* **Instructions to follow**: An exact transcription is needed of the lines below from the one with "- ه: اجتماع" through the one with "보이고 있다. 2019.08.07.", with no other lines and no pictures.
################
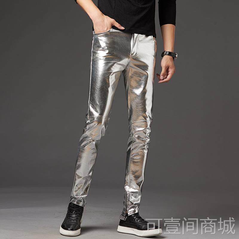 韩版 机车男式 修身 舞台演出男士 亮面银色中腰 小脚裤 2025秋冬男皮裤
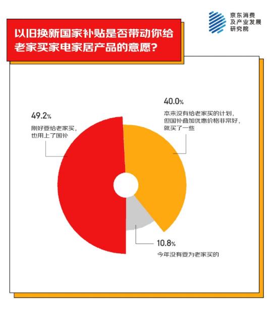 -以舊換新國家補(bǔ)貼政策激發(fā)給老家買家電家居的消費(fèi)熱情,49.2%的人“剛好要給老家買,也用上了國家補(bǔ)貼”,還有40%的人表示本來沒有給老家買家電家居的計劃,“但是國家補(bǔ)貼疊加優(yōu)惠價格非常好,就買了一些”。
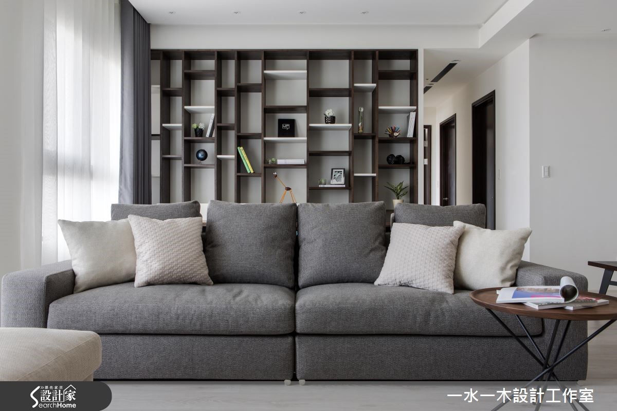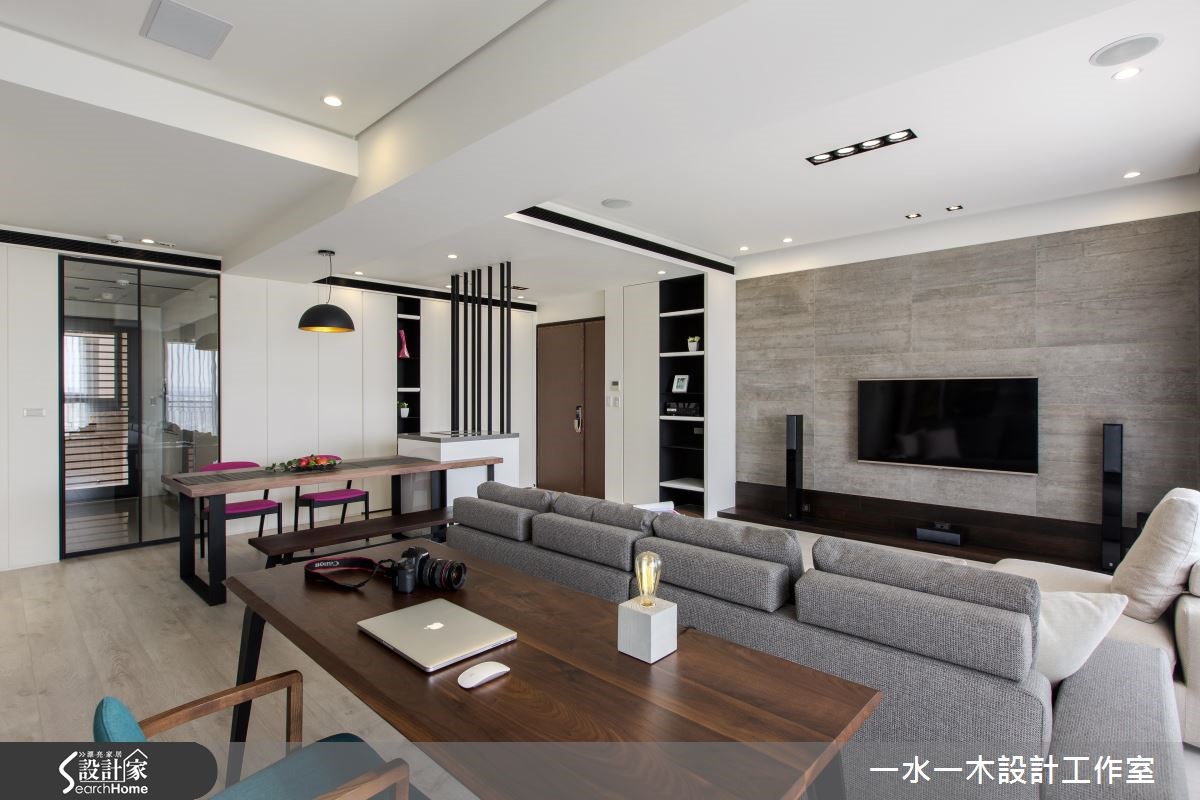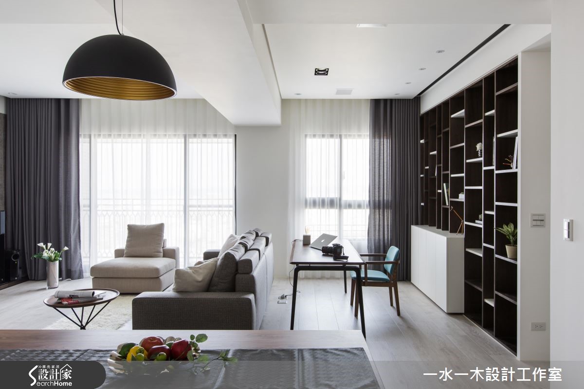 喜欢简单大方风格的屋主,设计师打造开放的公领域格局,使客厅、餐厅与书房连成开阔空间。并注入净透无负担的空间配置、简约优质的现代设计,在线条与对比色彩之中,创造出可让身心沉淀休憩的生活居所! 【中岛搭配格栅,成视觉焦点】85平方米的居家领域,设计师保留大面窗景、引注丰沛采光,使整体公领域浸润在美好的明亮气场中。并让客厅电视墙与沙发相呼应,谱出深灰的沉稳调性。书房、餐厅与客厅则开放串联,形成亲密的空间对话。一旁的餐桌中岛连结格栅线条,把玄关予以简单区划,建构具立体感的视线穿透效果。而除了玄关,更于书房背景底墙置入水平与垂直线条,注入收纳机能的同时,线性的交错也演绎俐落的现代风设计。主卧在平整床头处铺陈深色底调,搭配方正简洁的格局线条,阐述内敛的人文韵致,且保有阳台窗景与采光,让视线得以自室内延伸至户外,享受居高临下的美好景致!
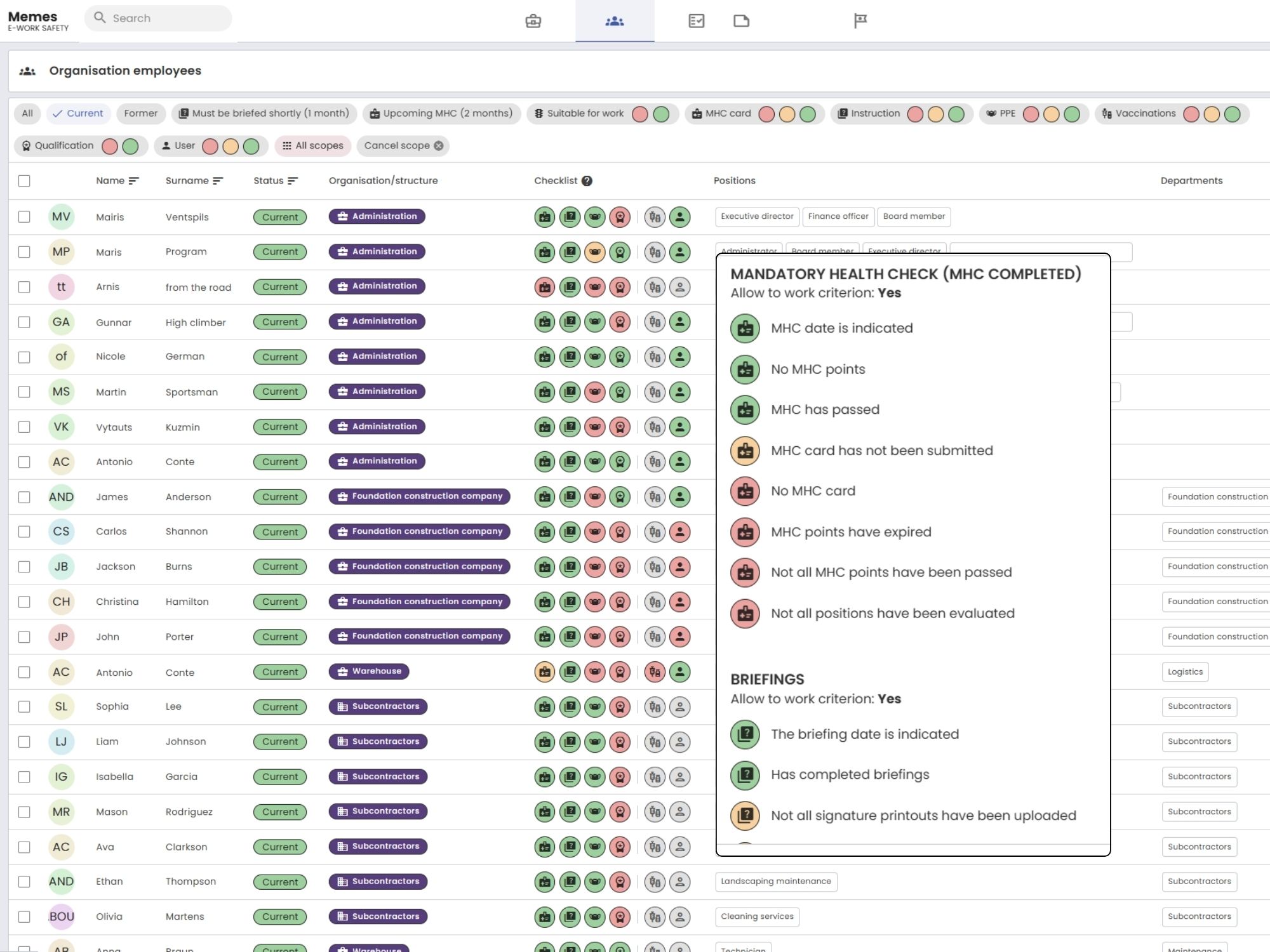 Monitor employee compliance with occupational safety using a simple traffic light system. Identify the overall compliance level of the structure.
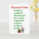 Ett lustigt God jul-kort för en vän, med dålig dikt och illustration, om att skapar dig att ge vänner en säker lösning. Vår karaktär, tillie, leker, bär en julhatt och står bredvid en stor röd låda med ett grönt band.
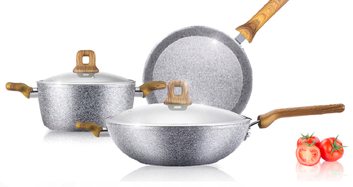 滿足炒、煎、燉多種需求,一套高品質(zhì)、高顏值的鍋具相信你一定不會(huì)拒絕。三禾鍋具三件套 T606是膳石犀利花崗巖健康不粘鍋,采用花崗巖納米起點(diǎn),不粘更持久,耐磨性更高,堪稱品質(zhì)首選。除此之外,其還擁有五層技術(shù)工藝,并采用一體成型設(shè)計(jì),質(zhì)量顏值雙升級。原木紋手柄,防霉防燙;鋼化玻璃蓋,密封防溢;節(jié)能復(fù)合底受熱均勻。三件套內(nèi)包含炒鍋、煎鍋、燉鍋。
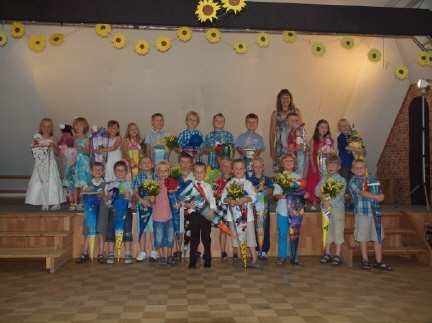 Als Frau Stuht die ersten Kinder auf die Bühne bittet, gibt es kein Halten mehr. Die aufgeregten ABC-Schützen erhalten von ihren nicht minder aufgeregten Eltern die lang ersehnten Schultüten. Gratulationen und ein Blumensträußchen gibt es auch vom Schulleiter Herrn Leu und dem Schulförderverein. Viele Fotos werden gemacht und nach einem großen Gemeinschaftsbild geht es mit Frau Stuht in die Grundschule. Dort warten einige Überraschungen auf die Schüler der 1. Klasse.
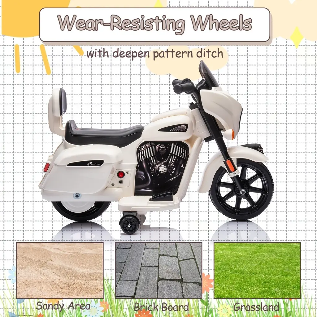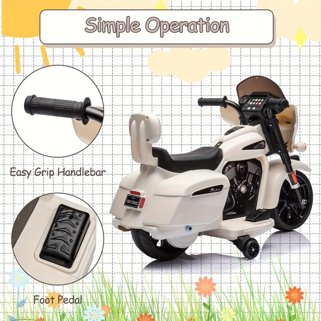 Licensed Motorcycle: This ride-on motorcycle features rugged traction wheels designed for stability and safety, even when cruising through puddles. The extra-wide tires provide strength and stability, giving your child a powerful driving experience as they navigate through grass and soft terrain. More power means more fun!Two Safety Training Wheels: Equipped with two training wheels and a reliable suspension system, this motorcycle helps keep your child balanced while they learn to ride. The shock-absorption wheels ensure a smooth and safe ride, giving parents peace of mind.Multi-Media Functionality: With built-in music features, this kids' motorcycle allows little riders to listen to their favorite tunes while on the move, enhancing the excitement and enjoyment of their riding experience.Safety Features: The headlights provide essential illumination for evening playtime or during low-light conditions, increasing visibility and safety. Assembly is a breeze with the detailed manual included in the package, making it easy to get your child on the road in no time!Versatile Riding Terrain: The durable EVA wheels enable your child to ride on various surfaces, including grass, brick paths, wooden floors, asphalt, and plastic runways, so the adventure never has to stop!
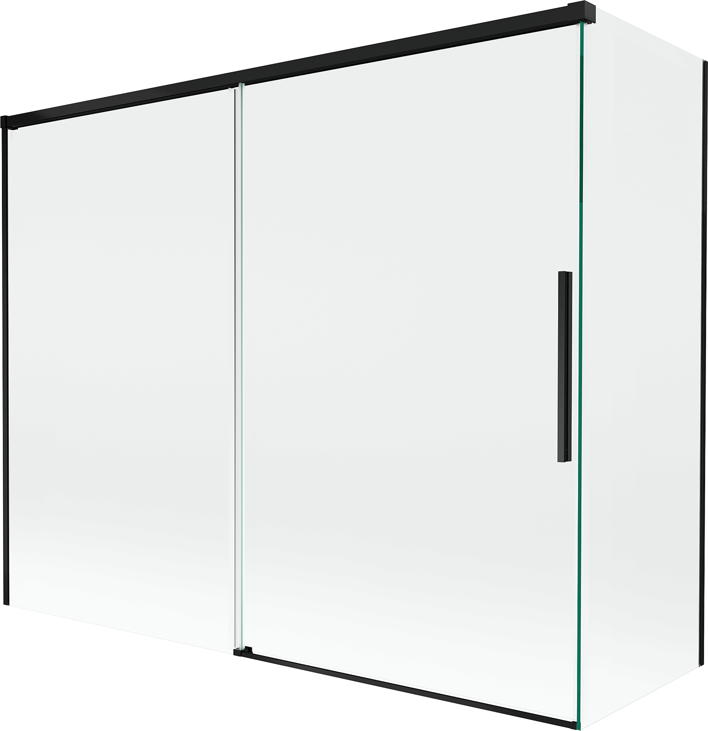 Mexen Rox 2-osainen liukuva kylpyammeen suihkuseinä 190 + 80 x 150 cm, läpinäkyvä, musta - 8C9-190-080-70-00
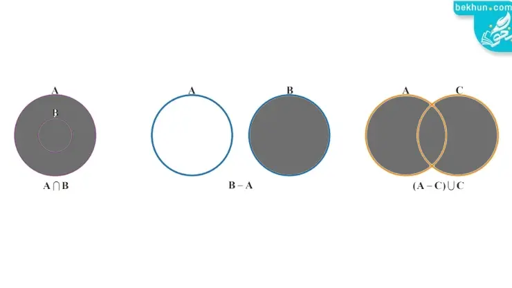 - ه: اجتماع دو مجموعه B-A و A∩B مساوی با مجموعه B است.
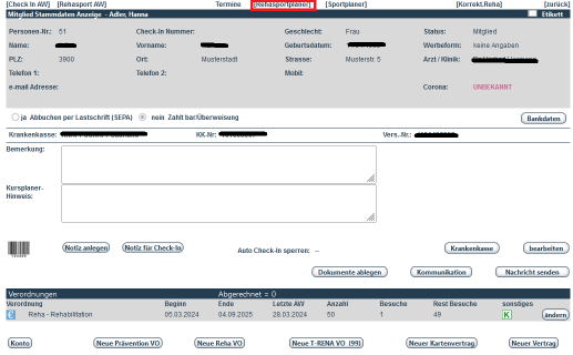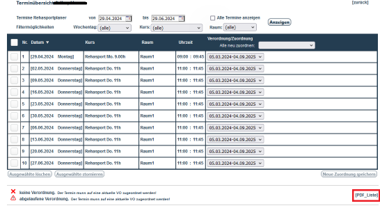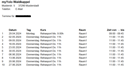 Ein PDF-Dokument über Serientermine einer einzelnen Person kann über den Rehasportplaner erstellt werden.
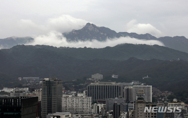 【서울=뉴시스】김병문 기자 = 소멸된 제8호 태풍 '프란시스코(FRANCISCO)'의 영향으로 비가 내리는 7일 오전 서울 종로구 도심 뒤로 운해가 내려앉은 북한산이 보이고 있다. 2019.08.07.
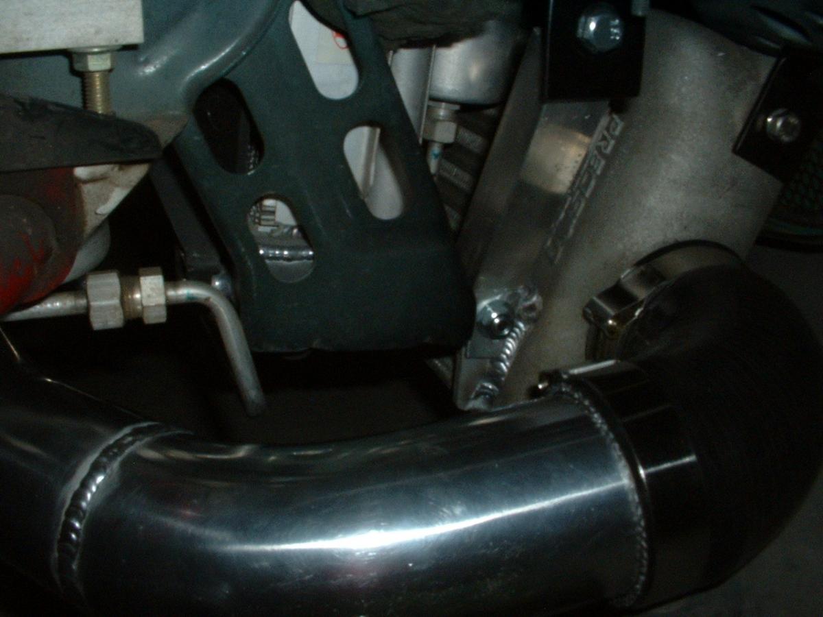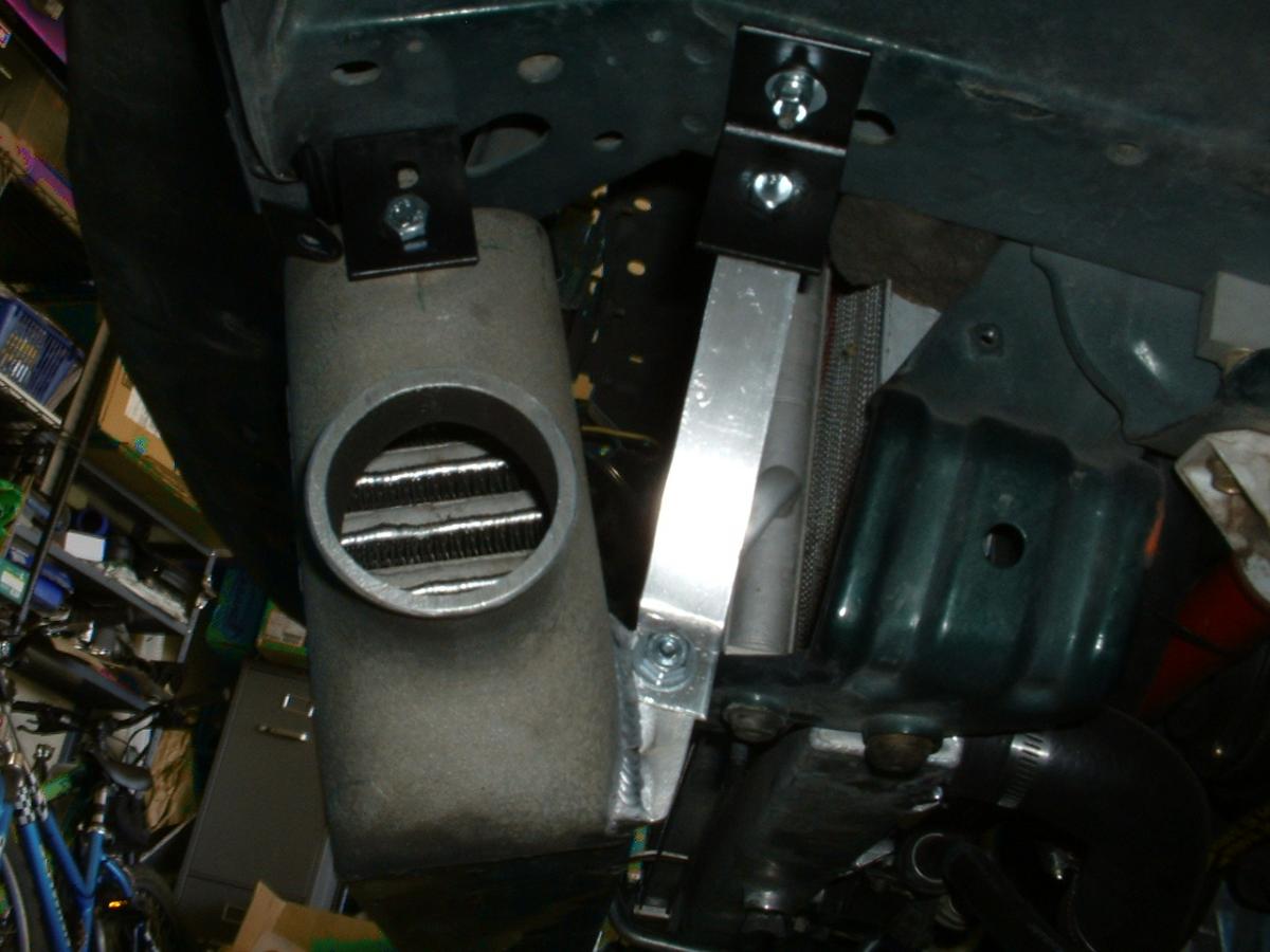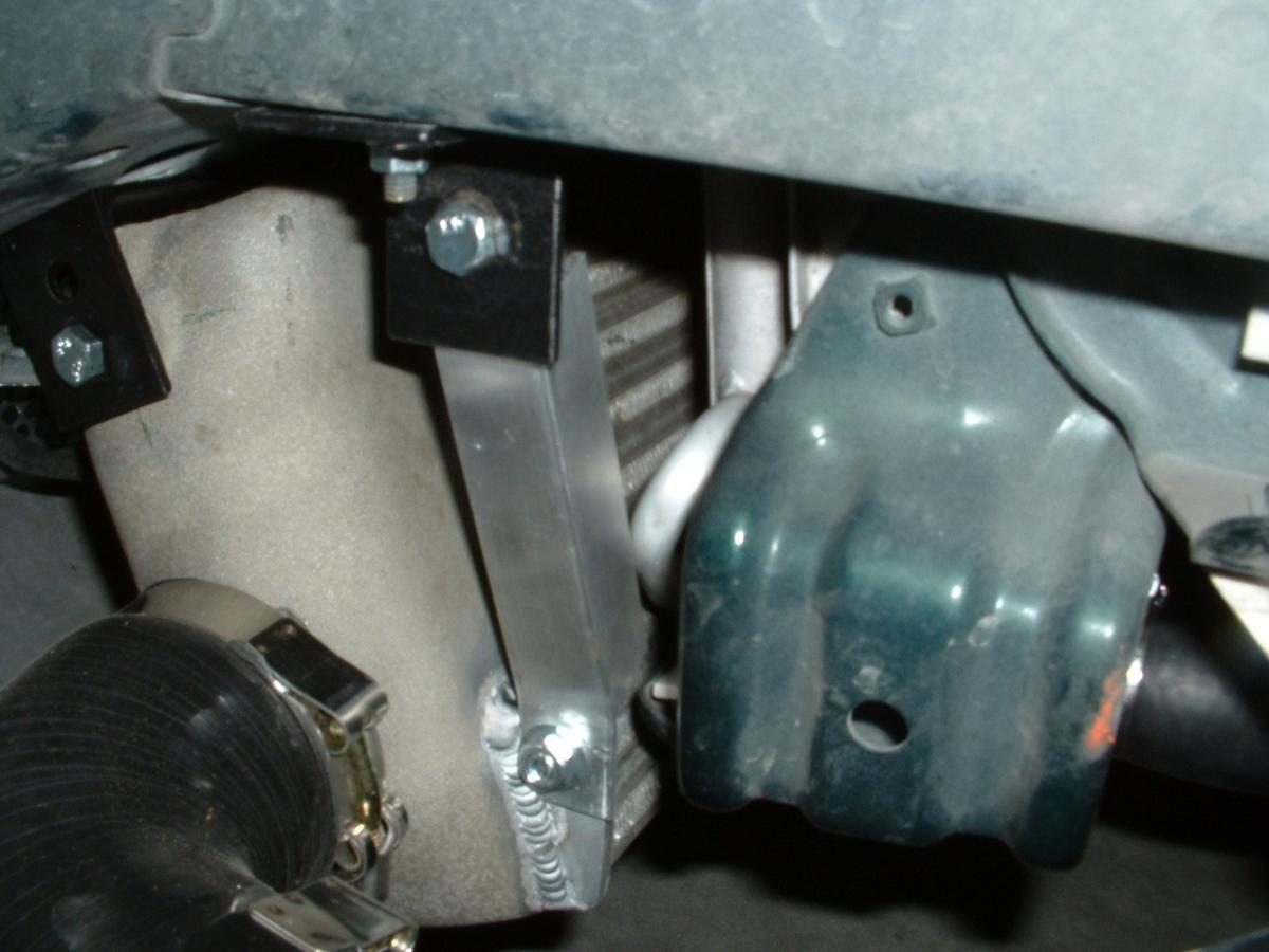Here's how I mounted the intercooler. I made four brackets out of angle iron and bolted it to the chassis. The front mounts use the mounting hole of the intercooler. I made brackets and had them welded to the lower part of the intercooler. I made supports out of angle aluminum and connected them to the lower brackets.
################
* **Result of this task**:
 - ه: اجتماع دو مجموعه B-A و A∩B مساوی با مجموعه B است.
 Ein PDF-Dokument über Serientermine einer einzelnen Person kann über den Rehasportplaner erstellt werden.
 【서울=뉴시스】김병문 기자 = 소멸된 제8호 태풍 '프란시스코(FRANCISCO)'의 영향으로 비가 내리는 7일 오전 서울 종로구 도심 뒤로 운해가 내려앉은 북한산이 보이고 있다. 2019.08.07.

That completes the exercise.